CPI Figures to Push Up Mortgage Rates

Written on 24 May 2023 by Ray Boulger


CPI Figures to Push Up Mortgage Rates

Although today's CPI figures show a fall to 8.7% the fall was less than expected and more worryingly core inflation increased from 6.2% to 6.8%. The comment in the minutes of the last MPC meeting that whether any further increases were needed in Bank Rate would depend on the data has now been comprehensively answered, leaving a debate only on whether 4.75% will prove to be the peak.

With many mortgage borrowers having fixed their rates for 5 years, and a few for longer, any further increases in Bank Rate will take a long time to have a material effect on many borrowers. A bigger more immediate impact will be in the commercial market, where many of the loans are Bank Rate trackers, and the impact on people thinking of moving home or buying for the first time.

This must have a negative impact on house prices, which is probably what The Bank would like to see, providing it doesn’t go too far, as it reduces people’s ability to trade up or use the equity in their home for consumer purchases. Also, some potential FTBs who are still able to afford to buy will have their confidence sapped.

The immediate impact of today’s inflation figures was a sharp rise in gilt yields, with, despite some of the initial increase having been reversed, at the time of writing, the 2 year up 21bp to 4.31% and the 5 yr up by 13bp to 4.11%. These increases follow several days of significant rises and over the last month gilt yields have risen by about 0.5%.

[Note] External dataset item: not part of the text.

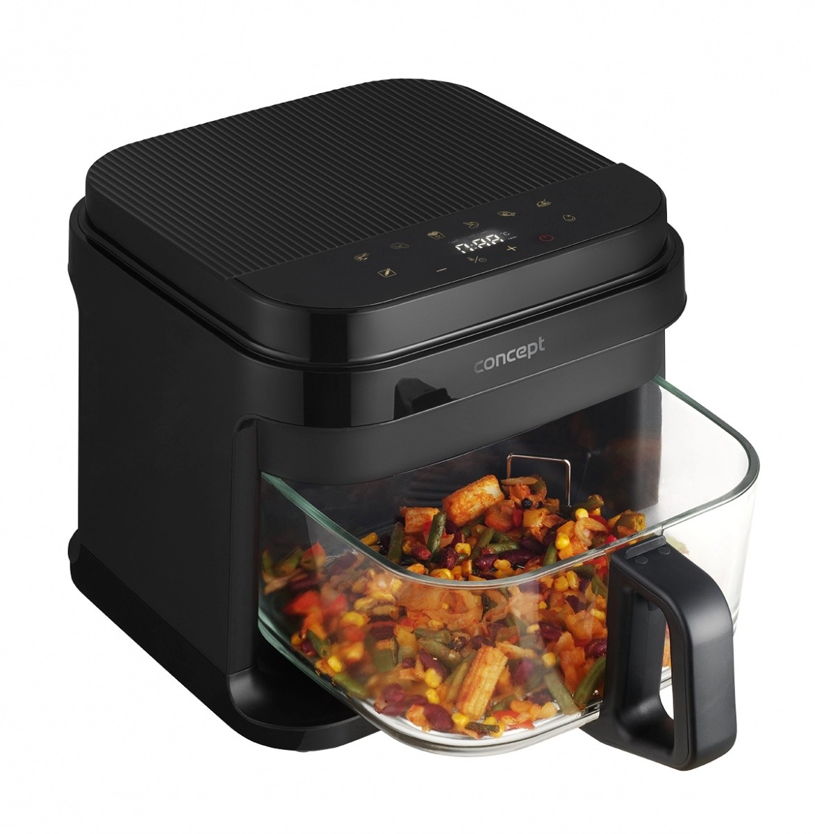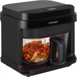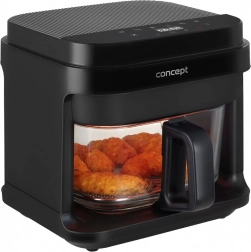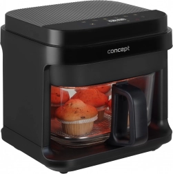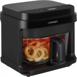 Cvrtnik Concept FR5500 je praktična izbira za vsakodnevno kuhanje. Ponuja peko, žar in cvrtje z minimalno maščobo, in to bistveno hitreje kot v klasični pečici. Prozorni steklen koš je odporen proti usedlinam, vonjavam in praskam ter omogoča nadzor nad jedmi brez odpiranja.

The knock on effect on higher swap rates, and hence fixed rate pricing, will feed through to the cost of fixed rate mortgages fairly quickly and so anyone within 6 months of their fixed rate ending, or planning to apply for a new mortgage, should talk to their whole of market broker asap to secure a rate or be prepared to sit it out for a few months in the expectation that rates start to fall later this year or early next.